本当に、ジュリーの言ってた通りだなぁ。読み返して「この表現はダメだ」と考えあぐねて、だんだん柔らかい言葉に変わってくる・・・それでも残っている「痛い」言葉もある・・・。
今日はジュリーの新譜『三年想いよ』から、いよいよ最後の考察記事です。4曲目「一握り人の罪」と、シークレット・トラックの5曲目「みんな入ろ」を同時に採り上げたいと思います。
「一握り人の罪」と言えば・・・今、ジュリーファンよりもむしろファン以外の方々のweb上での反応がとても多いようです。一昨年の「F.A.P.P.」昨年の「Fridays Voice」の時もそうでした。
いつも読んでくださっているジュリーファンのみなさまには、今回のこの記事が「楽しい」とは言い難い長文になることを、最初にお詫び申し上げます(この埋め合わせは、次回からサクサクと明るいお題記事を連発してゆくことで頑張っていきたいと思います)。
畏れながら、伝授です!
1曲目「三年想いよ」の記事で書きましたが、僕はこの新譜を仕事からの帰宅途中に購入し、歌詞やクレジットを見ずにまず電車内で通して聴きました。
事前にiTunesのサイトにて各トラックの演奏時間をチェックしていて、僕はそれも参考にしながら楽曲内容を予想したわけですが、いざ実際に聴いた時、この「一握り人の罪」には全4曲中最も意表を突かれました。「怒りと悲しみを前面に押し出したラウド・ロック」との予想に反し、まず耳に飛び込んできたのは、美しいアコースティック・ギターのストローク・アンサンブルでした。

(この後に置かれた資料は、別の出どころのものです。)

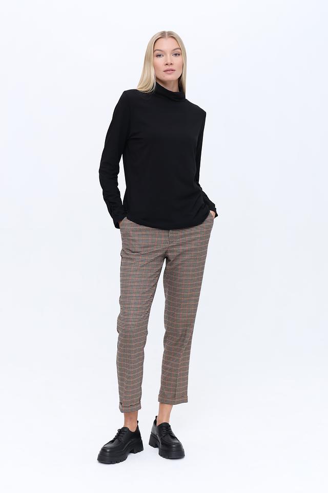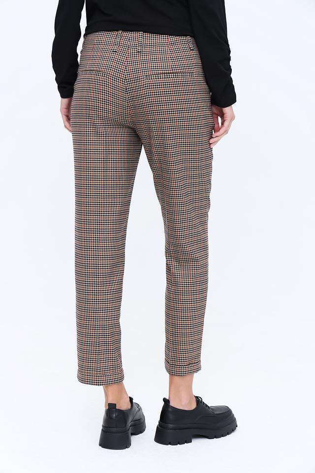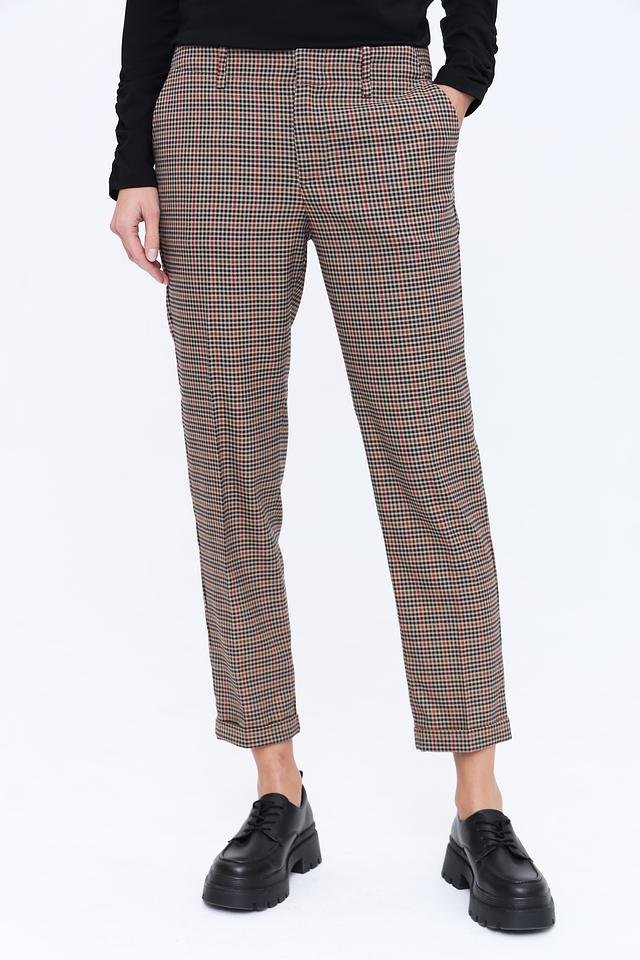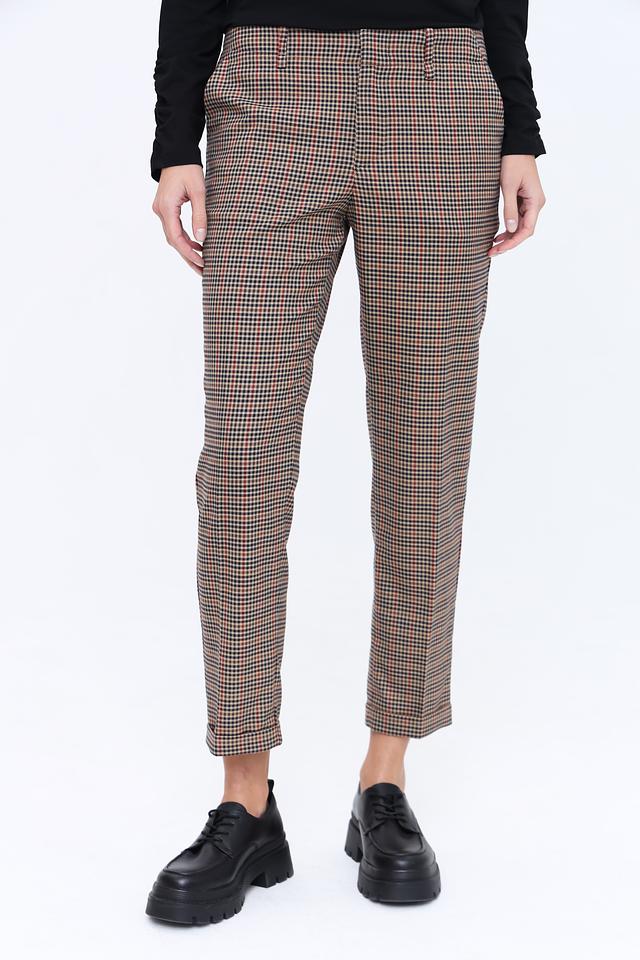 Эти стильные брюки от Oui станут отличным дополнением к вашему гардеробу. Модель выполнена в классическую клетку коричневых оттенков, что придает ей элегантный и универсальный вид.

美しいメロディーとジュリーの声に身を委ね、集中して聴いていたバラードが演奏を終えた時、体感としてはちょうどiTunesで表記されていた演奏時間(4分台後半)の感覚があり、ポータブルを取り出し再び1曲目から再生しようとしてふと、無音のままタイムカウンターが刻まれていることに気がつきました。5分を過ぎても、まだカウンターは進み続けています。
「これは・・・最後の最後にドキリとさせるような効果音でも入っているのかな?」
と考えた瞬間に始まったのが、「みんな入ろ」。
ビックリしましたよ。
歌詞カードを見ていませんでしたから、「一握り人の罪」という曲が、「みんな入ろ」の児童合唱部まで含めた形での、6分以上にも及ぶ大作だと思い込んだわけです。
帰宅し確認すると、みなさまご存知の通り、歌詞カード最後のページの桜の木の右上に「作詞・作曲・沢田研二」のクレジットと共に、「5. みんな入ろ」と記して歌詞があり、この短い童謡調の曲がシークレット・トラックの扱いになっていることが判明。
「なるほどこういう手法か」と改めて感心しました。
「シークレット・トラック」というのは邦洋ロックの名盤に幾多の例があります(邦楽については実際に楽曲としてはさほど聴いてはいないのですが・・・)。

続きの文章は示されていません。